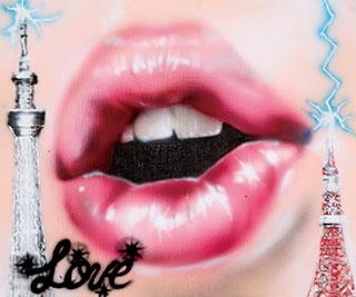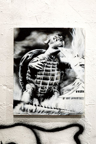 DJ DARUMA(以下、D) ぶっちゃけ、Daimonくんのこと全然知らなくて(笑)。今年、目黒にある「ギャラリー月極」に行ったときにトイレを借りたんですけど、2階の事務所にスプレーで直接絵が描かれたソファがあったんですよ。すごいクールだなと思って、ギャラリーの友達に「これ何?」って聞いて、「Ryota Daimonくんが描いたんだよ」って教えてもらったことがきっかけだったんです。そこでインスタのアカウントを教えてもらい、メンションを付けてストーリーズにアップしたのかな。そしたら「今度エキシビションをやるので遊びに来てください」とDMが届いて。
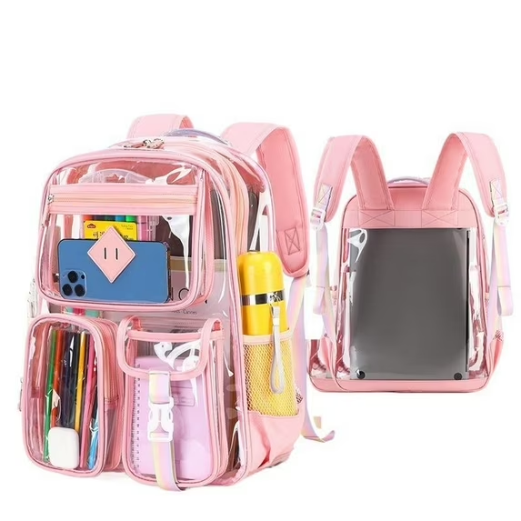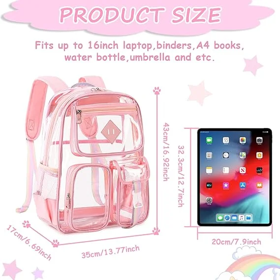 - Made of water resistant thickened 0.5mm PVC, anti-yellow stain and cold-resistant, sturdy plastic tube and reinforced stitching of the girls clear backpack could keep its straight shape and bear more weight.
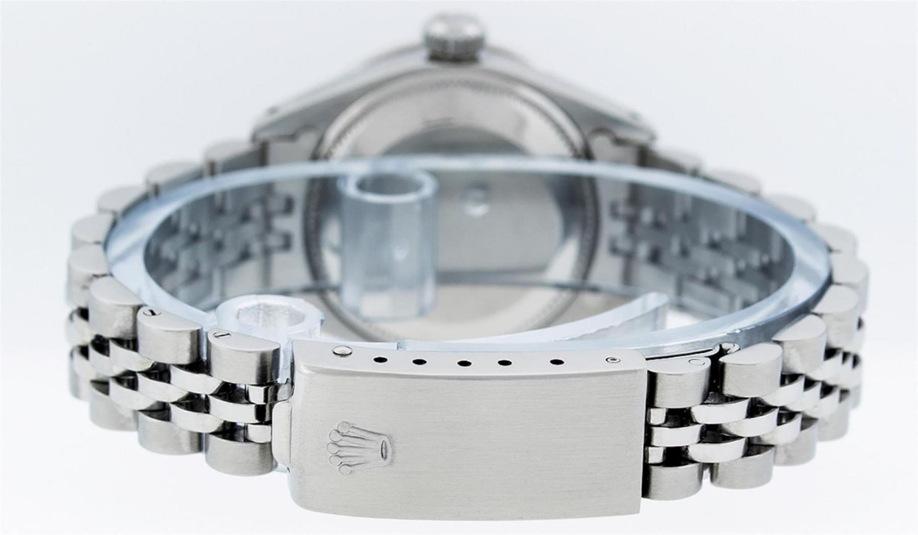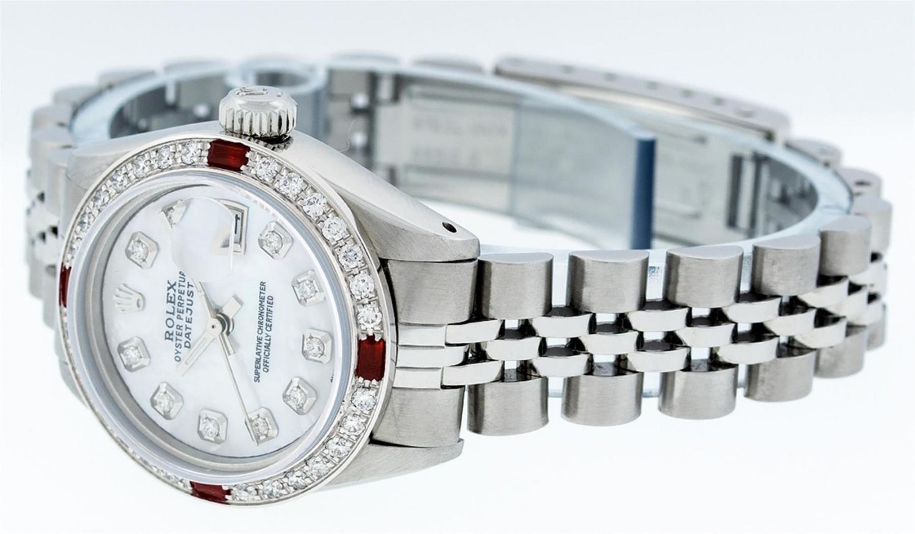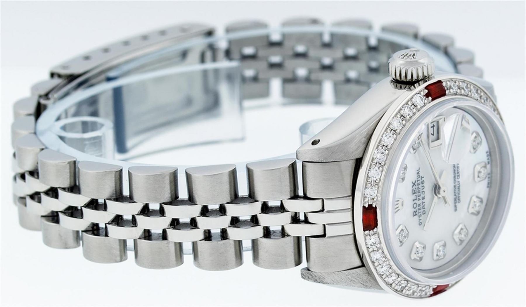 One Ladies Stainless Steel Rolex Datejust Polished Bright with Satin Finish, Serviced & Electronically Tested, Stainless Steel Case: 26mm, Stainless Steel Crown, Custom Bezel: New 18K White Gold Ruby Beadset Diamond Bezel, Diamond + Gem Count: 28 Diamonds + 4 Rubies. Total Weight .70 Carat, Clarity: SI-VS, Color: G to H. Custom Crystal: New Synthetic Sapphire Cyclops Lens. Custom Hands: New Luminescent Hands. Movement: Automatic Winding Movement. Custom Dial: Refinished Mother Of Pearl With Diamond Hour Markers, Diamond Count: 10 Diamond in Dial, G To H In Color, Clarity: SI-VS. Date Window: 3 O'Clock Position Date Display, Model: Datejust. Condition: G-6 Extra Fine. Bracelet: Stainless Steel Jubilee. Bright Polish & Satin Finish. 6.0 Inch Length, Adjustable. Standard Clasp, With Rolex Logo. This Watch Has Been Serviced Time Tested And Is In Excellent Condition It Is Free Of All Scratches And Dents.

--------

Please print, exactly as given, the lines running from the beginning of the listing through the line containing "- Made of water", omitting each picture.

 DJ DARUMA(以下、D) ぶっちゃけ、Daimonくんのこと全然知らなくて(笑)。今年、目黒にある「ギャラリー月極」に行ったときにトイレを借りたんですけど、2階の事務所にスプレーで直接絵が描かれたソファがあったんですよ。すごいクールだなと思って、ギャラリーの友達に「これ何?」って聞いて、「Ryota Daimonくんが描いたんだよ」って教えてもらったことがきっかけだったんです。そこでインスタのアカウントを教えてもらい、メンションを付けてストーリーズにアップしたのかな。そしたら「今度エキシビションをやるので遊びに来てください」とDMが届いて。
 - Made of water resistant thickened 0.5mm PVC, anti-yellow stain and cold-resistant, sturdy plastic tube and reinforced stitching of the girls clear backpack could keep its straight shape and bear more weight.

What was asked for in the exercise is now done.